目の前には、最後の目的地、『創造の玉座』が、絶対的な存在感を放ち、静かに浮かんでいる。小高い丘ほどの巨大な水晶の結晶体。その表面には、世界の理を記述した蒼白い光の線が、まるで生命の血液のように絶えず巡っている。玉座全体から響く、耳鳴りのような低いハミング。その中心では、神の権能そのものである『アドミニストレーター権限』が、星のように穏やかな光を放ち、脈動していた。その光は、この世界のすべてのデータと、すべての生命の根源を内包しているように見えた。
長い、長い旅の終着点。
このあまりにも過酷で、終わりが見えないかと思われたプロジェクトの、最後のタスク。
俺は一度だけ、背後の仲間たちへと視線を向けた。
ゴードンが、その巨大な盾を構え、俺の背後を城壁のように固めている。最高技術責任者(CTO)として、チームの頭脳である俺を守り抜くという彼の覚悟が、まるで鉄壁の要塞のように背中を支えてくれた。
ルリエルは、杖を固く握りしめている。翡翠の瞳は、玉座から放たれる高次元な魔力の奔流を、その魂に焼き付けるように見つめていた。解析不能な情報が渦巻く光景に、天才エンジニアである彼女がどれほどの重圧を感じているか、手に取るように分かった。
シーナは、影の中で気配を完全に消し去っている。まるで最初からそこに誰もいなかったかのようだ。最高警備責任者(CSO)として、彼女の全神経は、この完璧すぎる静寂の中に潜む、万が一の「異常」を感知するために、極限まで研ぎ澄まされていた。彼女が動かない限り、この場は安全なのだと、俺は直感的に理解した。
仲間たちの、揺るぎない覚悟。
そのすべてを背中に感じながら、静かに、そして力強く頷き返した。
言葉は、もう必要ない。俺たちの絆は、言語という不確かなツールを必要としなかった。
俺は代表して、その一歩を踏み出した。創造の玉座へと続く、最後の光の道へ。
一歩、また一歩と、世界の心臓部へと近づいていく。足元から伝わる光の感触が、俺の意識を研ぎ澄ませていく。
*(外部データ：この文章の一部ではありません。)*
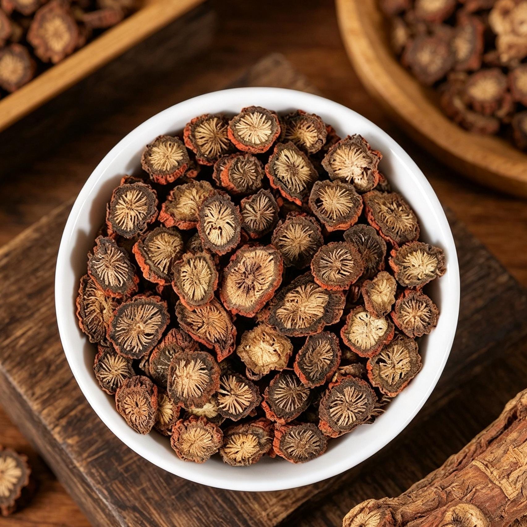 🌿 Enjoy the distinctive brick-red appearance of premium Dried Danshen Root, also known as Red Sage Root, Dan Shen Root, or Radix Salviae Miltiorrhizae (Salvia miltiorrhiza). These dried root slices are carefully harvested and sun-dried, preserving their characteristic reddish-brown to purple-red color and slightly wrinkled texture.
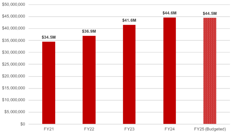 F&A revenues shown in USD. FY21 through FY24 reflect actual F&A revenues recorded in the WSU Indirect Cost Recovery fund in Workday Finance. FY25 is the initial F&A budget based on prior year actuals. A contingency is budgeted to mitigate against unrealized revenues. Additional one-time funding allocations are made from carryforward funds set aside for strategic use.
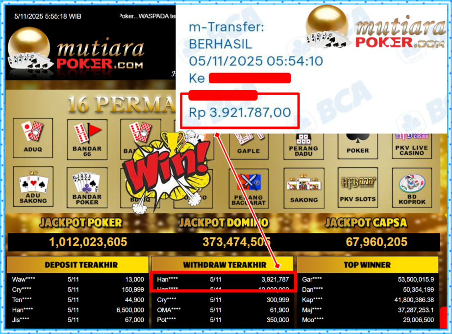 Bukti Withdraw ( 3,921,787,- ) Member Setia MutiaraPoker
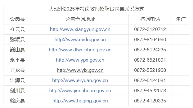(三)大理州特崗教師招聘官方網(wǎng)站為大理州人民政府官網(wǎng)(http://www.dali.gov.cn)以及各縣公布的官方網(wǎng)站(見附表)。因查看其他渠道的錯(cuò)誤信息造成的報(bào)考失誤,由考生自行負(fù)責(zé)。
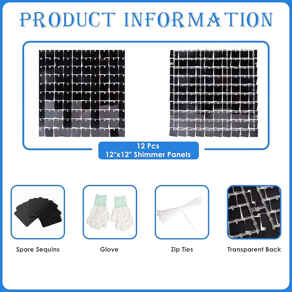 Package Includes: Each box comes with 36 pieces 12"x12" sequin panels and matching assembly materials, including gloves, zip ties and spare sequin pieces.
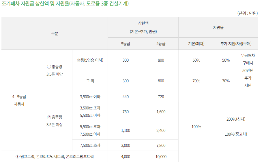 조기폐차 지원금은 상한액이 존재하며, 5인승 이하 일반승용차의 경우 4등급은 최대 800만 원, 5등급은 최대 300만 원까지 지원됩니다. 지원금은 차량 정보에 따라 산정되며, 보조금 추가 지원이 가능한 경우도 있습니다. 소상공인, 저소득층, 차상위계층 등은 추가 지원을 받을 수 있으므로, 서류를 잘 준비하여 신청하세요.
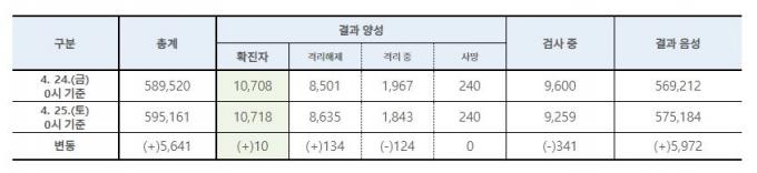 질병관리본부 중앙방역대책본부는 25일 0시 기준 코로나19 누적 확진자 수는 신규 확진자 10명을 포함해 1만718명이라고 밝혔다.
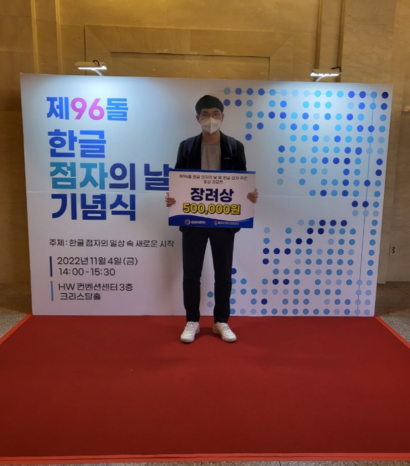 디지털콘텐츠창작학과 황인철 학생이 문화체육관광부가 주최하고 한국시각장애인연합회가 주관한 <디지털기기 점자디자인&영상공모전>에서 입상했다.
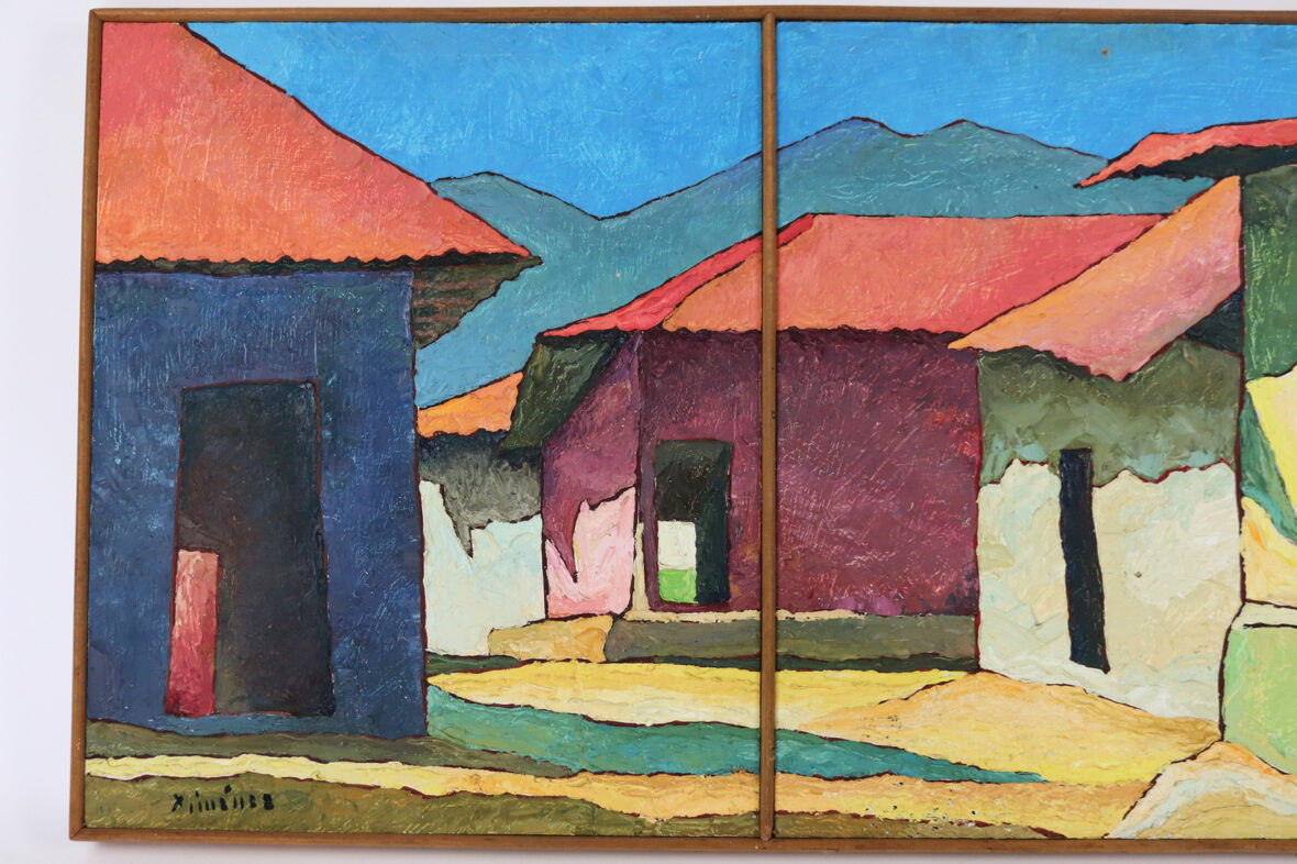 Alfonso XIMENEZ (1948) Le village Trois huiles sur panneau de bois montées en triptyque….
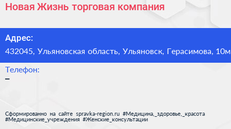 Новая Жизнь, торговая компания по адресу 432045, Ульяновская область, Ульяновск, Герасимова, 10м в дальнейшем Организация, размещена в следующих категориях:

ドクン、ドクン、と。玉座の脈動が、俺の心臓の鼓動と、完全に同調していく。まるで、この世界と俺という存在が、一つの生命体として融合していくかのような、荘厳で、どこか冒涜的な感覚。それは、俺がこの旅路の果てに求めていた、究極の一体感だった。
やがて、玉座の目前へとたどり着いた。手を伸ばせば触れることができる距離。中心で輝く、管理者権限の光は、俺を祝福しているようにも、拒絶しているようにも見えた。
あれに触れれば、すべてが終わる。そして、すべてが、俺たちの望むように始まる。
俺はゆっくりと、右手を掲げた。
前世で、ひたすらキーボードを叩き続け、過労死の果てに力なく床に落ちた、あの手。
この世界に来て、仲間たちと出会い、数えきれないほどの危機を乗り越え、世界の運命そのものを掴み取ろうとしている、この手。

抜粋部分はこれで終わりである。